L’énergie, nerf de la guerre – seconde partie

Publié le 15 septembre 2023

La centrale thermique au charbon de Taichung (Taiwan), l’une des plus puissantes au monde. – © Ellery – CC BY-SA 3.0

Dans mon dernier article, j’avais montré comment les BRICS élargis constituaient la plus grande coalition intégrée de producteurs d’énergie primaire, essentiellement d’origine fossile, et de consommateurs finaux avec les gigantesques marchés chinois et indien. Et alors? direz-vous. Que nous importe cette vision du passé, puisque nous, les Occidentaux, nous misons sur les énergies du futur, l’électricité, le renouvelable solaire et éolien, l’hydrogène, et qu’une fois la transition passée, une avenir énergétique brillant, respectueux de l’environnement, économe en ressources et climatiquement neutre, s’offre à nous.

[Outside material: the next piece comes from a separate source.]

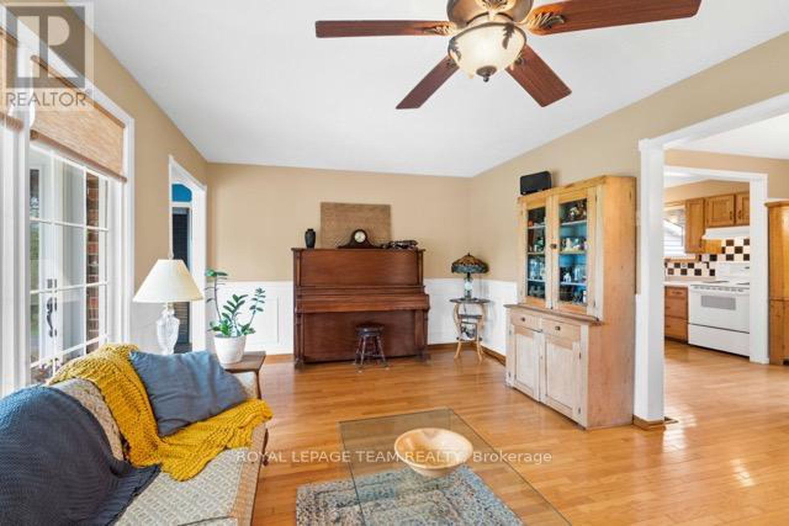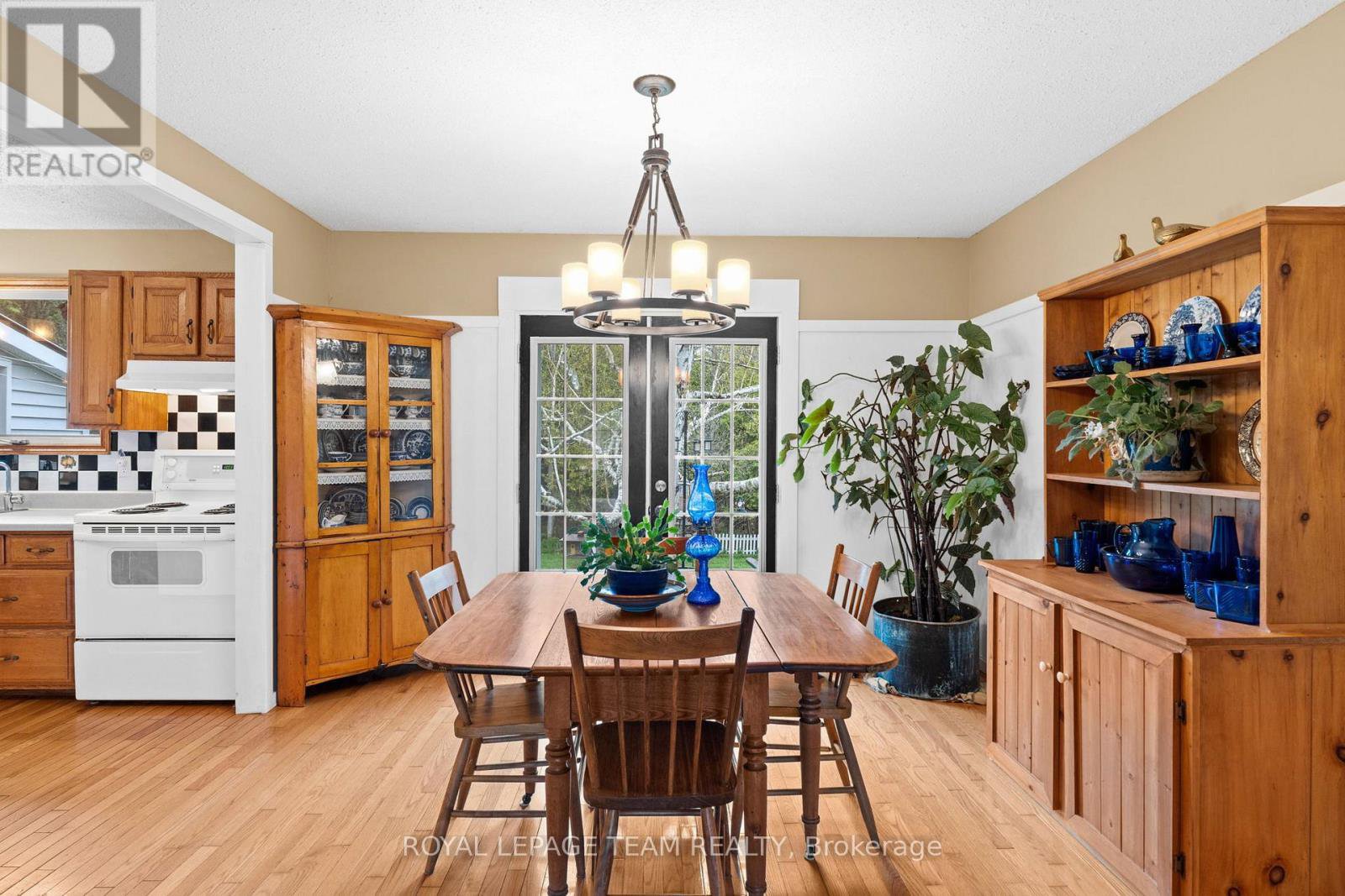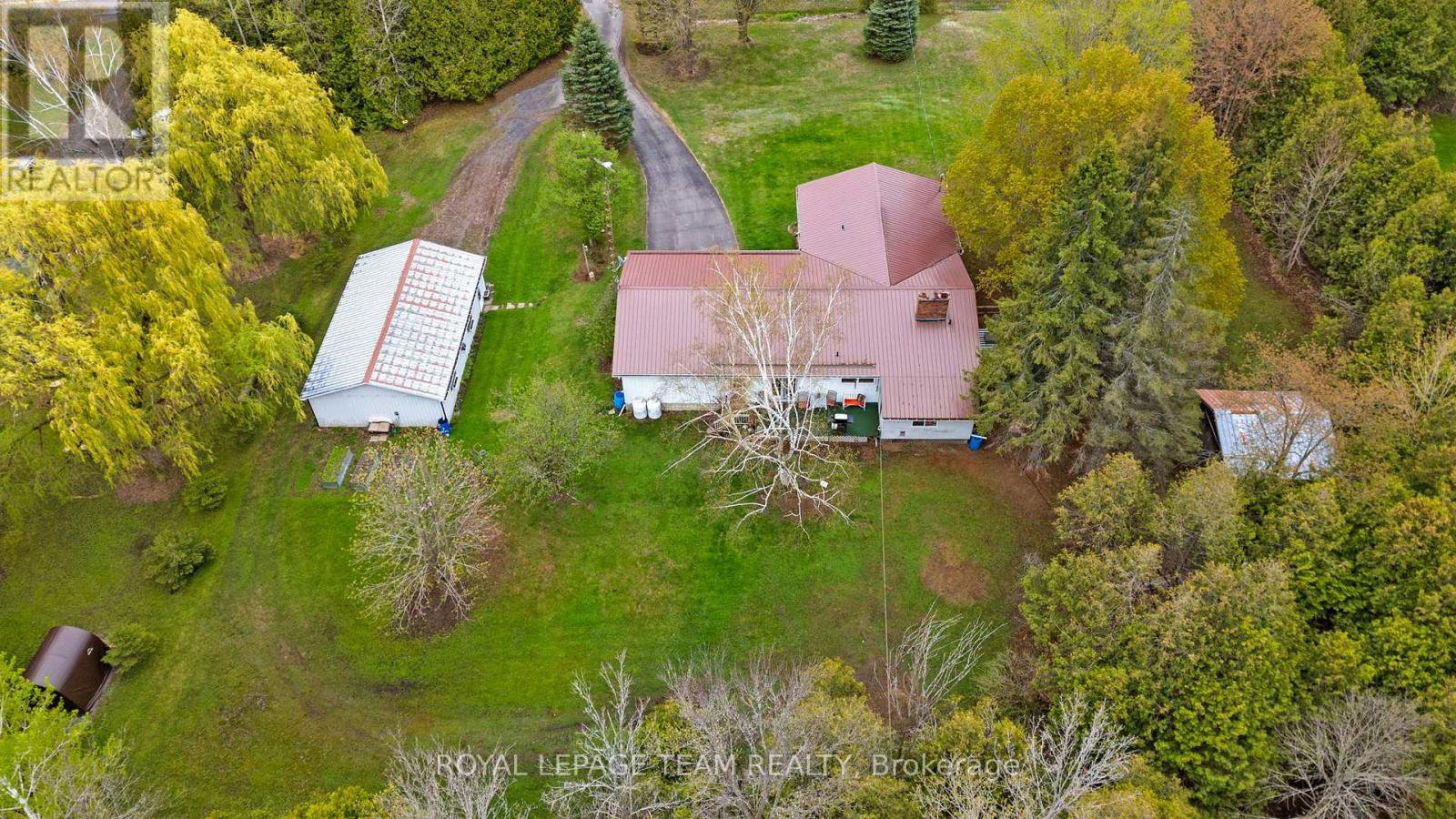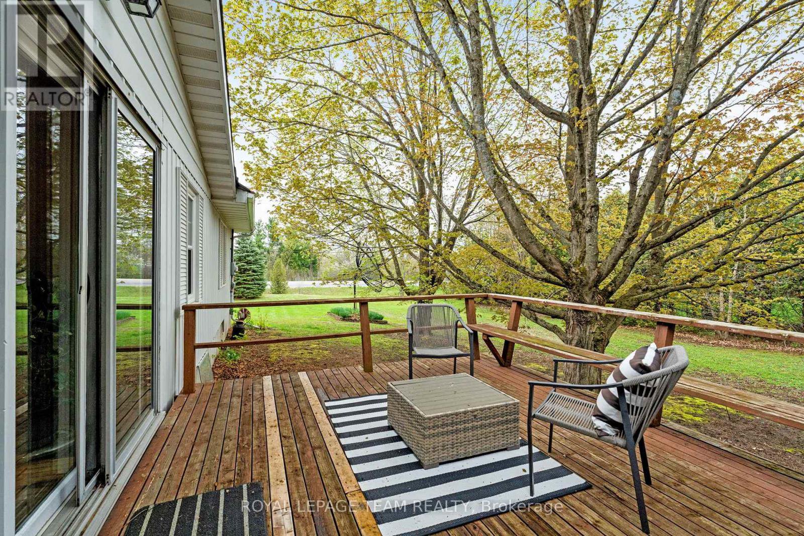 Tucked away on a tranquil 2.8-acre lot in Millars Corners, this beautifully maintained 3-bedroom bungalow offers the perfect blend of peaceful country living and modern convenience. Just minutes from Highway 416 and the growing amenities of Kemptville, it's ideally situated for commuters and families seeking space, privacy, and accessibility.Surrounded by mature trees and vibrant perennial gardens, the property feels like a private retreat. Expansive lawns and two spacious decks invite you to savour the outdoors year-round-whether it's quiet mornings with coffee or evening gatherings under the stars.Inside, the home is warm and welcoming. The updated kitchen features modern cabinetry, generous counter space, and a layout designed for everyday living and easy hosting. A convenient main-floor laundry enhances functionality. The formal dining area flows into a sunlit sitting room, while a cozy family room with a fireplace and walkout to the back deck offers the perfect spot for relaxed evenings.With two full bathrooms and a spacious attached 2-car garage, the home balances comfort and practicality. The expansive partially finished basement offers endless potential for added living space, a gym, or entertainment area, it currently has a second kitchen and a woodstove. A standout feature is the **massive outbuilding**, equipped with 200-amp electrical service and space for up to six vehicles. Whether you're a hobbyist, tradesperson, entrepreneur, or collector, this versatile space is ready to support your vision-from workshops and studios to small business operations or extra storage.Additional updates, including a durable metal roof, provide peace of mind. More than just a home, this is a lifestyle-an inviting haven where comfort, nature, and possibility meet. Your next chapter begins here!

Lire aussi: L’énergie, nerf de la guerre


C’est vrai que de nombreux scénarios de l’Agence internationale de l’énergie tendent à accréditer cette thèse. Certains résultats statistiques aussi, qui montrent une amélioration constante de l’efficacité énergétique (à PNB égal, le volume d’énergie consommée diminue) et un boom de la production des énergies renouvelables notamment en Europe.

Mais ces chiffres sont trompeurs. Les scénarios ne disent que ce qu’on veut leur faire dire, dans la mesure où le choix des données initiales conditionne les résultats. Et ces derniers sont contradictoires quand on les regarde de près.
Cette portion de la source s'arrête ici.